- [EXERCISE BRIEF]: Output every entry below word for word, without its pictures.

Saved data entries
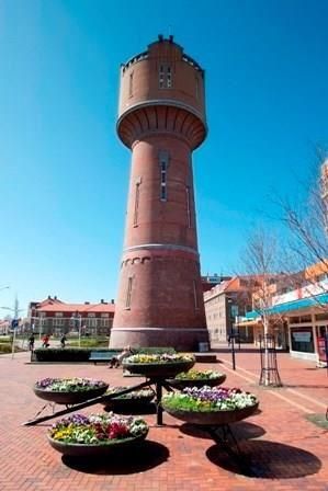 De watertoren van Den Helder In 1856 kreeg Den Helder als één van de eerste steden in Nederland een eigen watertoren en enkele meters waterleidingnet, gesitueerd in Huisduinen. Na zo’n 50 jaar was de toren op en had men belang bij een centrale en grotere toren. In 1908 werd de nieuwe watertoren midden in het centrum van Den Helder geplaatst. In 1959 kreeg de toren een grijze cement laag over de fraaie bakstenen heen geplamuurd om voor modern te kunnen doorgaan. Maar in 2005 is er toch teruggegrepen naar de stijl van 1908, de cement laag werd verwijderd en de toren zag er weer uit zoals in het begin. Na jaren juridisch getouwtrek ziet het er naar uit dat het in 2019 voor zowel de bewoners als bezoekers eindelijk mogelijk is de prachtig vernieuwde watertoren van binnen te bezoeken.
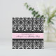 Personnalisé 21e anniversaire des invitations à la fête dans l'élégant motif classique floral damask rose pâle, noir et blanc. Ajoutez votre nom et vos coordonnées pour une invitation unique et élégante à la fête du 21e anniversaire.
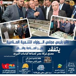 في إطار الزيارات الدورية التي يجريها الفريق مهندس/ كامل الوزير نائب رئيس مجلس الوزراء للتنمية الصناعية وزير الصناعة والنقل للمناطق الصناعية والمصانع للوقوف على سير العملية الإنتاجية وحل مشاكل المصانع، تفقد الوزير 3 مصانع متخصصة في الصناعات الهندسية بمدينة العاشر من رمضان، وقد رافق الوزير خلال الجولة الدكتورة/ ناهد يوسف رئيس هيئة التنمية الصناعية وعدد من قيادات وزارة الصناعة.
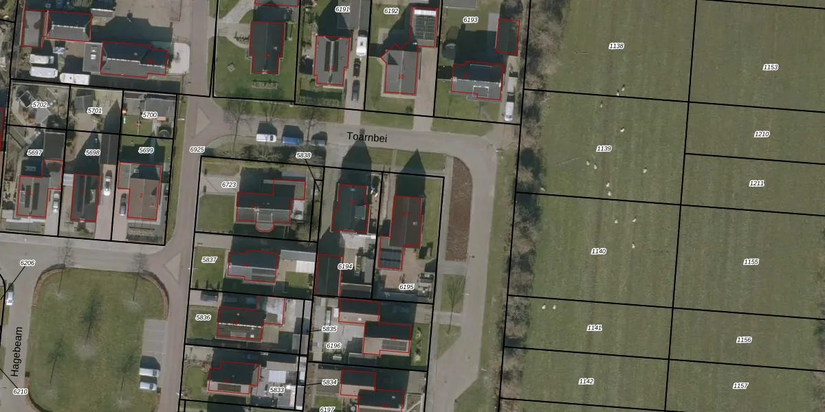 Het perceel waarop Toarnbei 17 staat heeft een oppervlakte van 465 m². Dit is een groot perceel. De perceeloppervlakte wordt geregistreerd door het Kadaster. Gedetailleerde informatie over de maten van dit perceel kunt u vinden in het rapport Kadastrale kaart met maatvoering van Toarnbei 17.
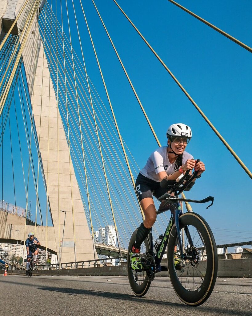 “Mais um 70.3 SP pra conta, com um dia pra lá de especial. Primeira na categoria, estreia da minha bike nova, vaga pro Mundial em Marbella, uma rede de amigos incrível e um monte de gente torcendo. Foi incrível!”
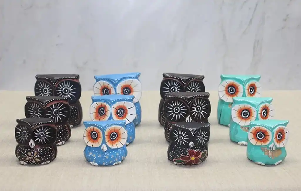 AHŞAP 3'LÜ BAYKUŞ SETİ MODEL 5Ürün Özellikleri7x8x10 cm boyutlarında olan bu üçlü baykuş seti, doğal ahşap malzemeden el işçiliğiyle üretilmiştir. Her bir baykuş, özenle işlenmiş detayları ve zarif tasarımıyla dikkat çeker. Bu dekoratif set, otantik ve nostaljik bir görünüm sunarak evinizde veya ofisinizde hoş bir atmosfer yaratır. Baykuşlar, bilgeliği ve koruyucu enerjiyi simgeler, bu yüzden hem estetik hem de anlamlı bir dekorasyon ürünüdür. Ahşabın doğal dokusu ve işçilik detayları, her bir parçayı benzersiz kılar.Paket İçeriği1 Adet Ahşap 3'lü Baykuş Seti Model 5
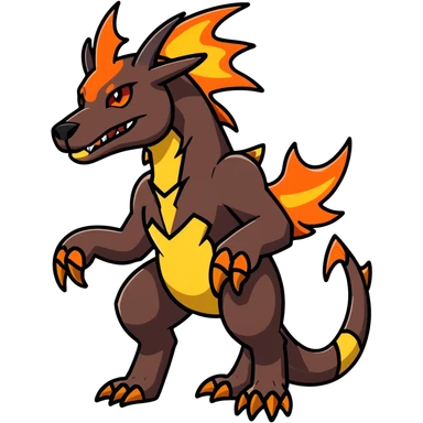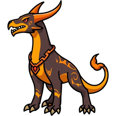Copper-Bronze Molten-Lava Glow-Cracked Fiery-Runed Draconic Houndoom-Garchomp-hybrid-creature (full body) emoji
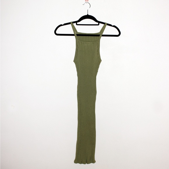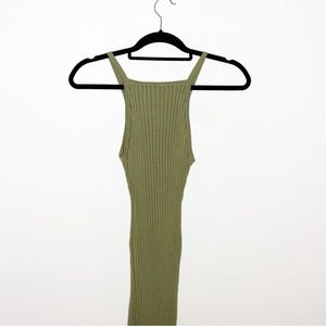 Get noticed in this sleek green ribbed midi dress. The trendy halter neckline and spaghetti straps add a touch of modern flair, while the figure-hugging silhouette keeps it classy yet sexy. Perfect for any occasion, from casual outings to date nights. Elevate your style effortlessly with this gorgeous dress!
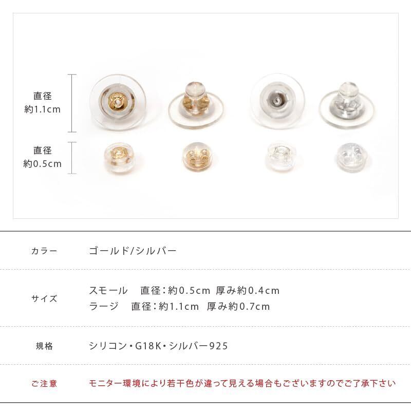 落ちないピアスキャッチ 2個セット ダブルロック 下を向かない 大ぶり 大きい シリコン 18K K18 金属アレルギー対応 ゴールド シルバー ピアス レディース アクセサリー ゆうパケット配送1cm(ラージ ゴールド)
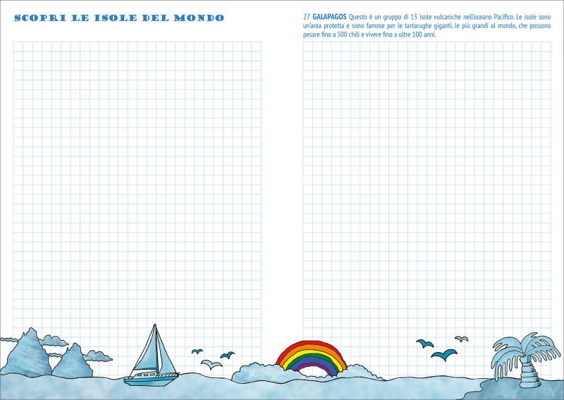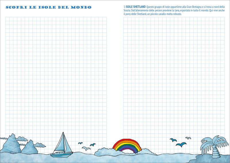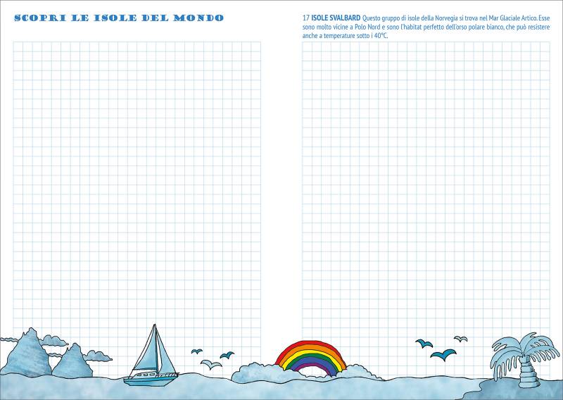 Per stimolare anche la loro curiosità, ogni pagina riporta una breve, semplice descrizione di isole sparse nel mondo, dal Mediterrano agli oceani, selezionate per una loro caratteristica distintiva culturale, storica o naturalistica. Si passa dunque dalla vicina Itaca, all’isola di Terranova o alle isole Cook nel Pacifico.

- [SOLUTION TO THIS TASK]:
 De watertoren van Den Helder In 1856 kreeg Den Helder als één van de eerste steden in Nederland een eigen watertoren en enkele meters waterleidingnet, gesitueerd in Huisduinen. Na zo’n 50 jaar was de toren op en had men belang bij een centrale en grotere toren. In 1908 werd de nieuwe watertoren midden in het centrum van Den Helder geplaatst. In 1959 kreeg de toren een grijze cement laag over de fraaie bakstenen heen geplamuurd om voor modern te kunnen doorgaan. Maar in 2005 is er toch teruggegrepen naar de stijl van 1908, de cement laag werd verwijderd en de toren zag er weer uit zoals in het begin. Na jaren juridisch getouwtrek ziet het er naar uit dat het in 2019 voor zowel de bewoners als bezoekers eindelijk mogelijk is de prachtig vernieuwde watertoren van binnen te bezoeken.
 Personnalisé 21e anniversaire des invitations à la fête dans l'élégant motif classique floral damask rose pâle, noir et blanc. Ajoutez votre nom et vos coordonnées pour une invitation unique et élégante à la fête du 21e anniversaire.
 في إطار الزيارات الدورية التي يجريها الفريق مهندس/ كامل الوزير نائب رئيس مجلس الوزراء للتنمية الصناعية وزير الصناعة والنقل للمناطق الصناعية والمصانع للوقوف على سير العملية الإنتاجية وحل مشاكل المصانع، تفقد الوزير 3 مصانع متخصصة في الصناعات الهندسية بمدينة العاشر من رمضان، وقد رافق الوزير خلال الجولة الدكتورة/ ناهد يوسف رئيس هيئة التنمية الصناعية وعدد من قيادات وزارة الصناعة.
 Het perceel waarop Toarnbei 17 staat heeft een oppervlakte van 465 m². Dit is een groot perceel. De perceeloppervlakte wordt geregistreerd door het Kadaster. Gedetailleerde informatie over de maten van dit perceel kunt u vinden in het rapport Kadastrale kaart met maatvoering van Toarnbei 17.
 “Mais um 70.3 SP pra conta, com um dia pra lá de especial. Primeira na categoria, estreia da minha bike nova, vaga pro Mundial em Marbella, uma rede de amigos incrível e um monte de gente torcendo. Foi incrível!”
 AHŞAP 3'LÜ BAYKUŞ SETİ MODEL 5Ürün Özellikleri7x8x10 cm boyutlarında olan bu üçlü baykuş seti, doğal ahşap malzemeden el işçiliğiyle üretilmiştir. Her bir baykuş, özenle işlenmiş detayları ve zarif tasarımıyla dikkat çeker. Bu dekoratif set, otantik ve nostaljik bir görünüm sunarak evinizde veya ofisinizde hoş bir atmosfer yaratır. Baykuşlar, bilgeliği ve koruyucu enerjiyi simgeler, bu yüzden hem estetik hem de anlamlı bir dekorasyon ürünüdür. Ahşabın doğal dokusu ve işçilik detayları, her bir parçayı benzersiz kılar.Paket İçeriği1 Adet Ahşap 3'lü Baykuş Seti Model 5
Copper-Bronze Molten-Lava Glow-Cracked Fiery-Runed Draconic Houndoom-Garchomp-hybrid-creature (full body) emoji
 Get noticed in this sleek green ribbed midi dress. The trendy halter neckline and spaghetti straps add a touch of modern flair, while the figure-hugging silhouette keeps it classy yet sexy. Perfect for any occasion, from casual outings to date nights. Elevate your style effortlessly with this gorgeous dress!
 落ちないピアスキャッチ 2個セット ダブルロック 下を向かない 大ぶり 大きい シリコン 18K K18 金属アレルギー対応 ゴールド シルバー ピアス レディース アクセサリー ゆうパケット配送1cm(ラージ ゴールド)
 Per stimolare anche la loro curiosità, ogni pagina riporta una breve, semplice descrizione di isole sparse nel mondo, dal Mediterrano agli oceani, selezionate per una loro caratteristica distintiva culturale, storica o naturalistica. Si passa dunque dalla vicina Itaca, all’isola di Terranova o alle isole Cook nel Pacifico.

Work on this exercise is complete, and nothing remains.